Читать книгу «Без боя не сдамся» онлайн полностью📖 — Галины Манукян — MyBook.

Глава 11
Кошелёк

– Ты здесь, Алёша? – Голос отца Георгия вырвал послушника из раздумий.

– А? – спохватился тот, поворачиваясь к наставнику.

Священник улыбнулся, глядя на солнце, расплескавшее по небу красно-жёлтые краски:

– От такого заката и правда глаз не оторвать…

– Да, батюшка, – кивнул Алёша. Не заметил бы игумен, что вовсе не на закат он засмотрелся, а на удаляющуюся вверх по улице фигуру девушки.

– Я, собственно, чего хотел, – сказал священник. – Там калитка покосилась и ограда возле неё, словно какой-то шалопай на кривой козе въехал. Ты бы приладил.

– Хорошо.

– Ящик с инструментами под скамьей в ризнице.

– Найду.

– Вот и ладно. Мы с братьями в скит пойдём, а ты задержись. Думаю, много времени не займёт.

– Да, батюшка. Благословите.

Скоро сумерки мягко опустились на Залесскую, подсинив белые стены храма, окрасив в густые сизоватые тона все, что радовало днём ярким колером. Станица потемнела, будто художник плеснул в каждую краску на палитре берлинской лазури, перемешав, перепутав детали картины. Алёша работал не спеша. Он прислушивался к тому, как мычат загнанные в хлева коровы, как заливается где-то мелкая, должно быть, но голосистая собака. Из какого-то двора доносилась музыка. Заядлое тымц-тымц – совсем не то, что он слушал из динамиков крошечного компьютера. Снова вспомнился «пваншет», и Алёша чуть заметно улыбнулся.

Закончив выправлять калитку, он подхватил ящик с инструментами и вошёл в церковь. На включенный электрический свет потянулась внутрь суетливая мошкара. Алёша отмахнулся от неё и прикрыл дверь. Он поставил тяжёлый ящик обратно под покрытую лаком деревянную скамейку и поискал глазами ключ.

Странный звук привлёк его внимание. Шаги? Кого это принесло на ночь глядя? Алёша выглянул из ризницы и застыл – в дверях храма стояла она – та самая. Рыжая девушка остановилась в нерешительности, явно робея и чувствуя себя не в своей тарелке. Она была ничуть не похожа на ту едва одетую насмешницу, какой он увидел её впервые. В искреннем смущении она казалась совсем девочкой. Изумительно красивой, милой, как героиня русской сказки, в длинном сарафане с красными и черными узорами, вьющимися по белой ткани. Тонкий платок, небрежно наброшенный на голову, съехал, и под светом ламп её волосы показались ещё более насыщенными, почти красными. Они чуть распушились и, как легкий нимб, обвивали макушку, окружали красноватым облачком длинную расплетающуюся косу. «Пришёл красный одуванчик…» – подумал Алёша. Ему захотелось улыбнуться, но он себе не позволил.

Девушка смущённо потупилась:

– Извините, я заметила свет. Думала, здесь кто-то другой…

– Только я.

Она вздохнула и произнесла:

– Мне жутко неловко, но я знаю, кто заборчик сломал. Когда мы шли днём мимо… В общем, как бы, это был один из нас…

Алёша неожиданно для себя хмыкнул:

– Колодец. Обрыв… А теперь вы решили испытать на прочность ещё и наш забор?

Девушка удивлённо взглянула на него:

– Нет, это не я…

– И то слава богу!

Она прикусила губу и вытащила из-за спины кошелёк.

– Но я бы хотела возместить ущерб… Потому что это неправильно…
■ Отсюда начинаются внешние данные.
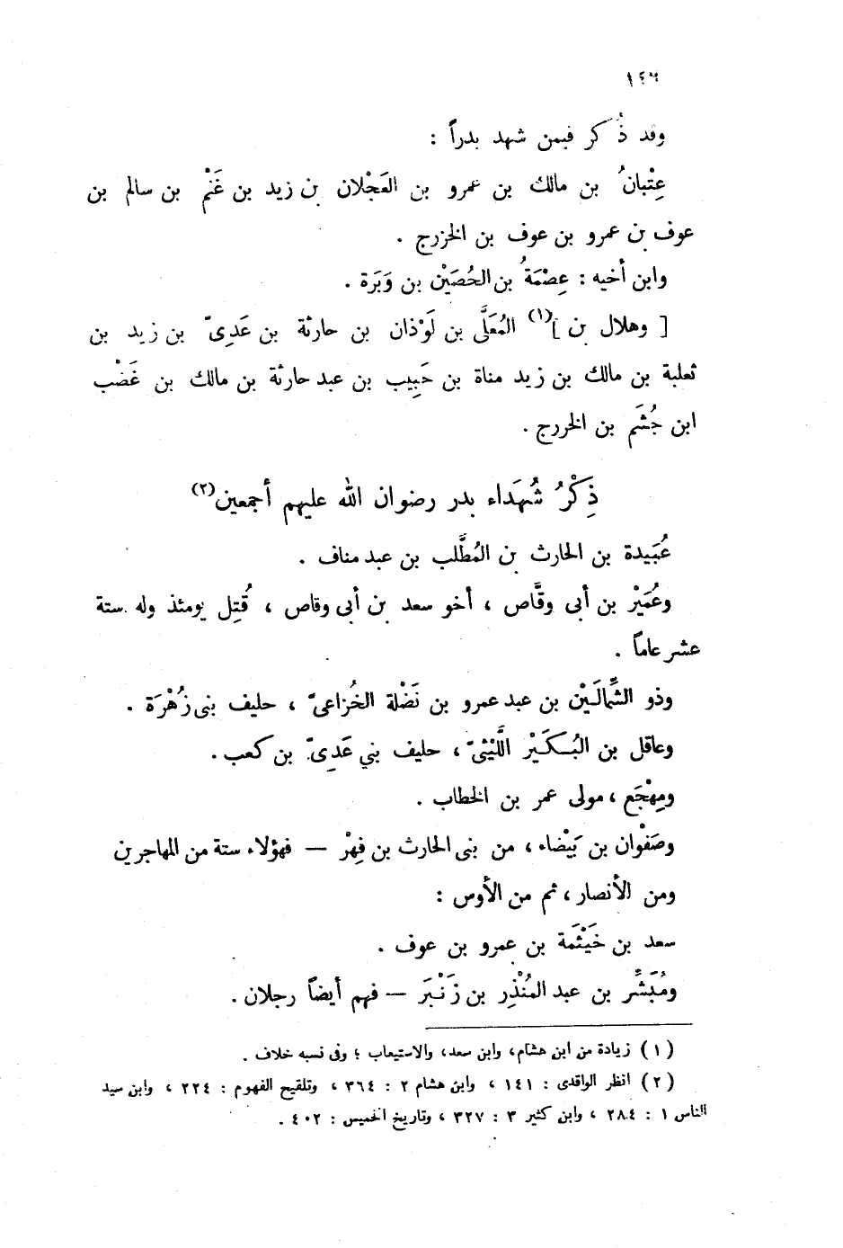 (2) انظر الواقدي: 141، وابن هشام 2: 364، وتلقيح الفهوم: 224، وابن سيد الناس 1: 482، وابن كثير 3: 327، وتاريخ الخميس: 402.

Алёша оторопело смотрел, как она достает ровные, будто только что отпечатанные купюры из красного кошелька. Увидев его взгляд, девушка смутилась ещё больше:

– Этого мало, да?

Еле сдерживая улыбку, Алёша строго проговорил:

– Деньги вас не спасут. Не всё покупается. Придётся отработать…

Она совсем растерялась:

– Я не умею… чинить…

– Тогда на картошку, – совершенно серьёзно сказал Алёша.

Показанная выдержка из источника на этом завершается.